El Estatuto de Nuria había sido aprobado el 2 de agosto de 1931 por el noventa por ciento de los votantes, con un setenta y cinco por ciento de participación en todo el territorio catalán. Azaña supo reconducirlo a los límites constitucionales no sólo en la definición de Cataluña sino

también en materias de educación, lengua, fiscalidad y derechos. Sobre todo en educación el azañismo se mostró irreductible: «garantías recíprocas de convivencia y de igualdad de derechos para profesores y alumnos», «a las lenguas y a las culturas castellana y catalana» y

«siempre con arreglo a lo dispuesto en el artículo 50 de la Constitución» (artículo 7 del Estatuto); el 50 de la Constitución exigía el «estudio de la lengua castellana» y que ésta se usara «como instrumento de enseñanza en todos los centros de instrucción primaria y secundaria de las regiones autónomas». Eso impuso Azaña, tan lejano a las claudicaciones zapateriles.

Aún así, cuando el Tribunal de Garantías Constitucionales de la República declaró anticonstitucional, el 8 de junio de 1934, la ley de Contratos del Cultivo, Ezquerra Republicana consideró la decisión una afrenta a la soberanía catalana y Luis Companys declaró, en octubre de aquel año, «el Estado catalán dentro de la República Federal de España». Una acción militar ordenada por el Gobierno español liquidó aquella especie de proclamación de independencia que duró diez horas. El discurso que había pronunciado Azaña en el Congreso el 6 de mayo de 1932, tan optimista como la posición actual del sonriente Zapatero, no previó lo que, a pesar de todos los recortes –muchos más, y de fondo, que los actuales– iba a

ocurrir: la proclamación del Estado catalán.

Tenía razón Ortega, en fin. La tenía cuando subrayaba la voracidad de los nacionalistas políticos. Siempre pedirán más, enseñaba el filósofo. Son insaciables porque el nacionalismo catalán es un movimiento que, como el misántropo de Molière, clama al cielo «¡quiero que me distingan!». El café para todos que se lo beba Suárez.
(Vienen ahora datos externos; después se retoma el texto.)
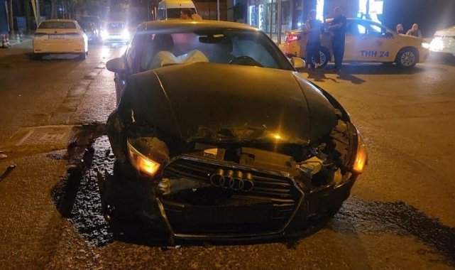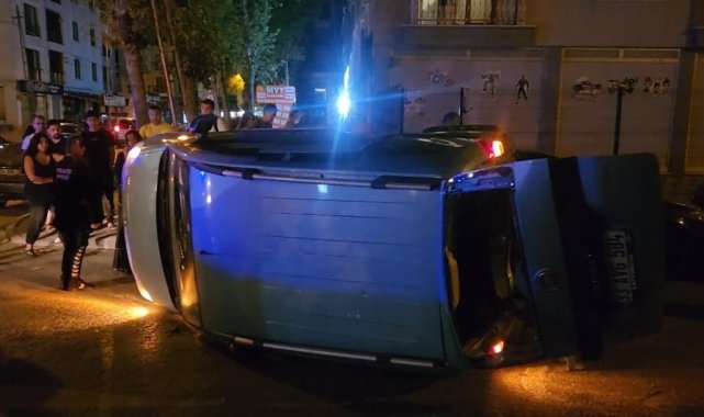 Beylikdüzü'nde yokuş aşağı seyir halindeki otomobil, ara sokaktan çıkan hafif ticari araca çarptı. Kazanın etkisiyle hafif ticari araç takla atarak yan yattı.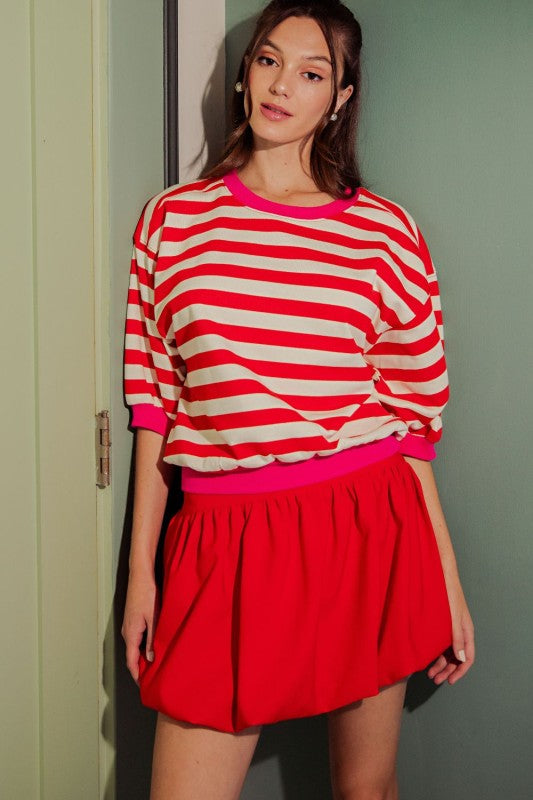 Round Neck Bubble Sleeve Sweatshirt Model Height: 5'8" Wearing Size Small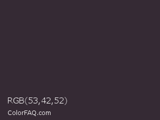 RGB 53,42,52 Color is a very dark magenta color and the nearest color is Thunder #33292f. Hex code #352a34 and RGB value is rgb(53,42,52). In RGB color space, this color is composed of 21% red, 16% green, 20% blue, In CMYK color space, this color is composed of 0% cyan, 21% magenta, 2% yellow , 79% black , In HSL color space, this color has a hue angle of 305° , 12% saturation and 19% lightness.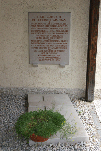 Zur Erinnerung an diese erste Grablegung des Heiligen Emmeram ließen die Aschheimer eine Gedächtnisplatte errichten. "Hier ist begraben gewesen der heilig Bischof Sant Heimran 40 tag und 40 nacht." Als Sterbedatum wird der 22. September 652 angegeben.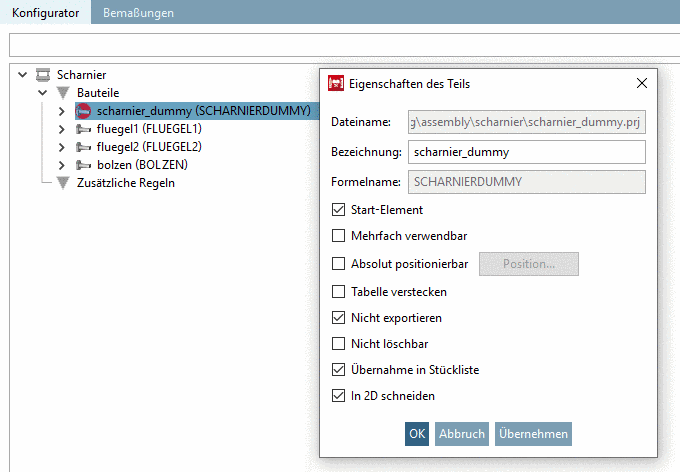 gekennzeichnet.Mehrfach verwendbar: Ein Bauteil kann in verschiedenen Positionen und mit unterschiedlichen Maßen in die Baugruppe einfügt werden.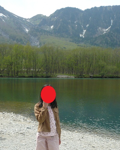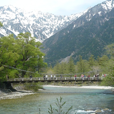 田代池から30分歩いて大正池に着きました。 大正池は焼岳の噴火によってできた池で、梓川から流れ込む 土砂のせいで年々小さくなっているらしいですね。 大正池で少し遊んでから、また来た道を戻り、今度は 自然研究路の林間コースを通って上高地帝国ホテルまで 行きました。 帝国ホテルの近くは5月なのにまだ雪が残っていました。 見たかった野生の猿も帰りのバスの中から少し見えたし、 大満足のハイキングでした。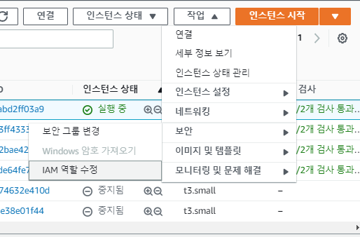 - EC2 인스턴스를 선택하고 보안 → IAM 역할 수정을 선택하여 위에서 생성한 Role을 연결합니다.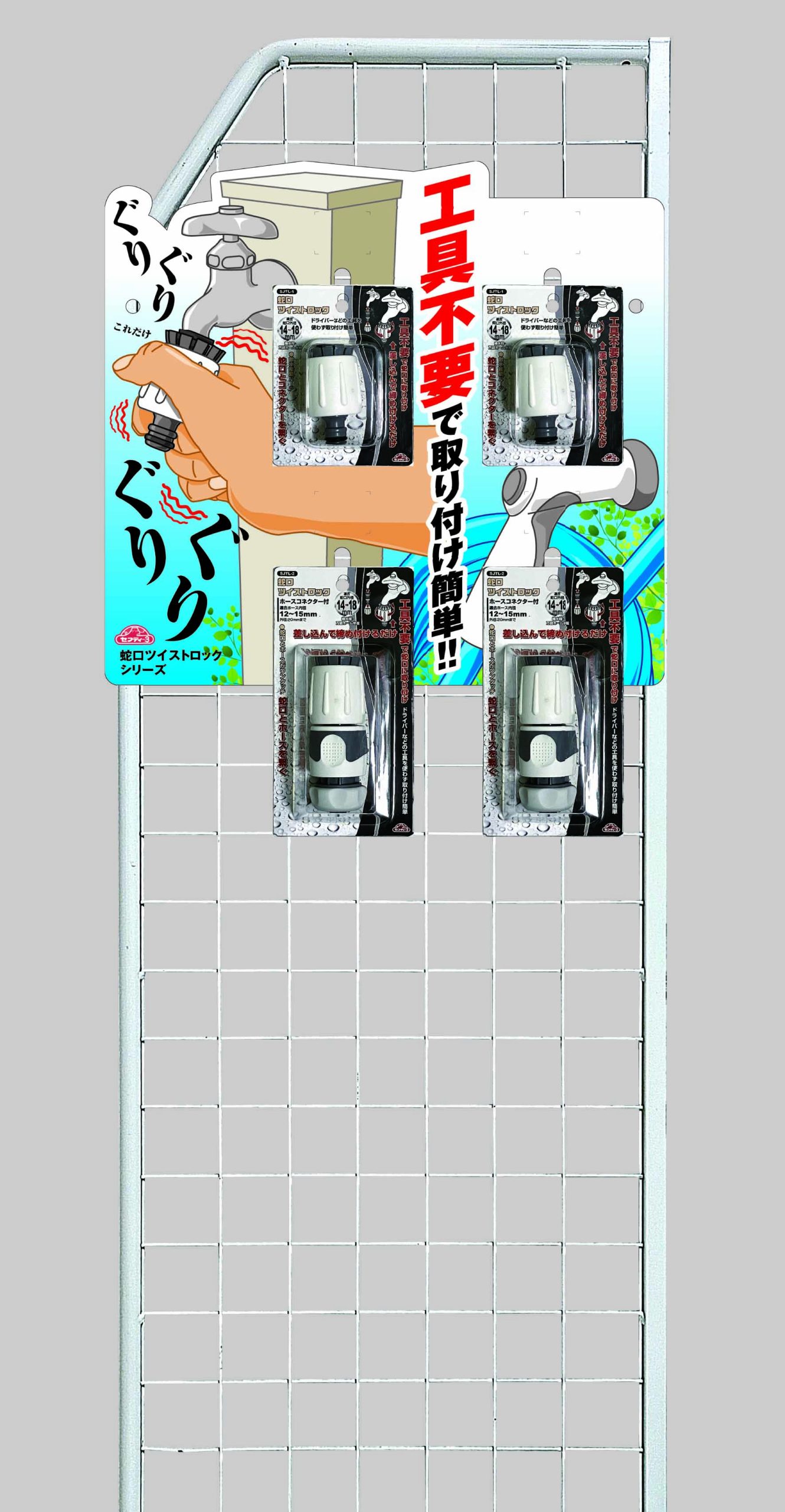 店頭での売場づくりにおいて「省スペースでも目立たせたい」というお悩みを解決! 藤原産業様の新商品「蛇口ツイストロック」シリーズの売場展開例をもとに、 サイドネットを活用した効果的な売場づくりをご紹介します。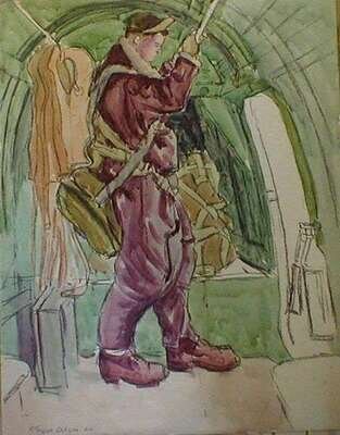 Watercolor on board, depicting a aircrewman in sheepskin flight suit preparing to parachute from a plane, lifevests and equipment about, signed and dated lower left, 18.5 x 23.5 in.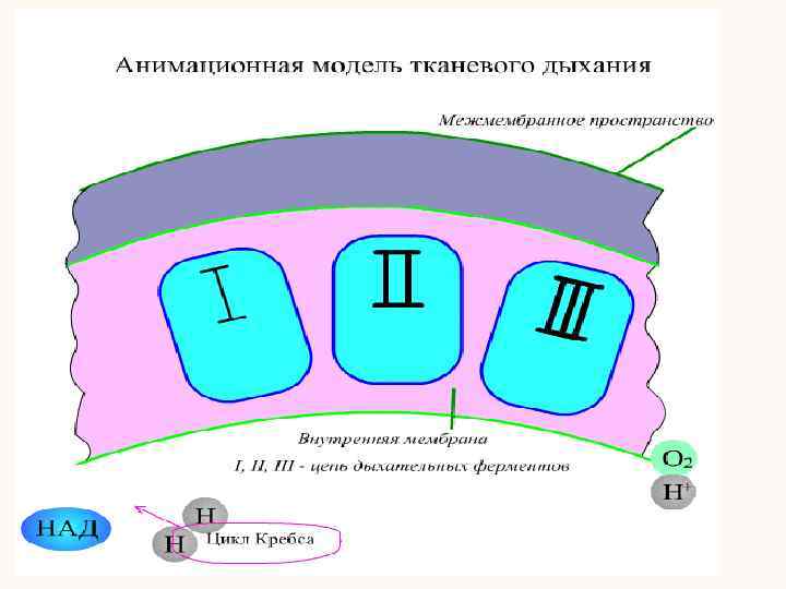 • Ферменты тканевого дыхания Комплекс I – НАДН-дегидрогеназа – флавопротеин, содержащий ФМН. Этот фермент окисляет НАДН и передает два водорода (2 Н+2 е-) на коэнзим Q. В комплекс входят также Fe-S-белки. • Комплекс II – сукцинатдегидрогеназа – флавопротеин, содержащий ФАД. Этот фермент окисляет сукцинат и передает два водорода (2 Н+2 е-) на коэнзим Q. В составе комплекса есть Fe-S-белки. • Комплекс III – убихинондегидрогеназа – ферментный комплекс, состоящий из цитохрома b, Fe-S-белка и цитохрома с1. Этот комплекс транспортирует электроны 2 е- от восстановленного убихинона Ко. QН 2 на цитохром с (небольшой по размерам водорастворимый белок, находится на внешней стороне внутренней мембраны).

Cuando ni el cinco por ciento de los catalanes se interesaban por un nuevo Estatuto, llega Zapatero I el de las mercedes y, sin que nadie se lo pida, destapa la redoma de los demonios familiares y suelta sobre la mesa nacional, tranquila desde la Transición, un problema atávico que ha crispado de nuevo a la sociedad española. Caballo caracoleante en la cristalería, aprendiz de brujo, Zapatero ha fragilizado ya el entero edificio de la Transición. Ha ido mucho, mucho más allá que Azaña y Prieto, ha ofendido a Felipe González, ha quebrantado los procedimientos constitucionales. ¿Lo ha hecho por frivolidad, por ligereza, por estulticia? ¿O por malignidad? Basta releer el artículo publicado en el diario adicto (23 septiembre

2005) por su mentor intelectual, Suso de Toro, con el título «La nación española», para comprender lo que el presidente por accidente pretendía. La reacción del Partido Popular, de los principales barones del PSOE, del grupo mediático encabezado por Polanco y de la opinión pública española, que le ha fustigado en las encuestas, obligó a recoger velas al presidente zapatético y a reformar el Estatuto que se había comprometido a respetar íntegramente si lo votaba una mayoría cualificada del Parlamento catalán. Aún así, muchos de los destrozos causados no tienen arreglo. Arturo Mas, Carod Rovira y el propio Maragall, el mediocre, que es ya un cadáver político de cuerpo presente, no se han recatado en subrayar

que el Estatuto es sólo un paso. Un paso adelante hacia la independencia de Cataluña. Hacia el Estado catalán dentro de una República Confederal Española.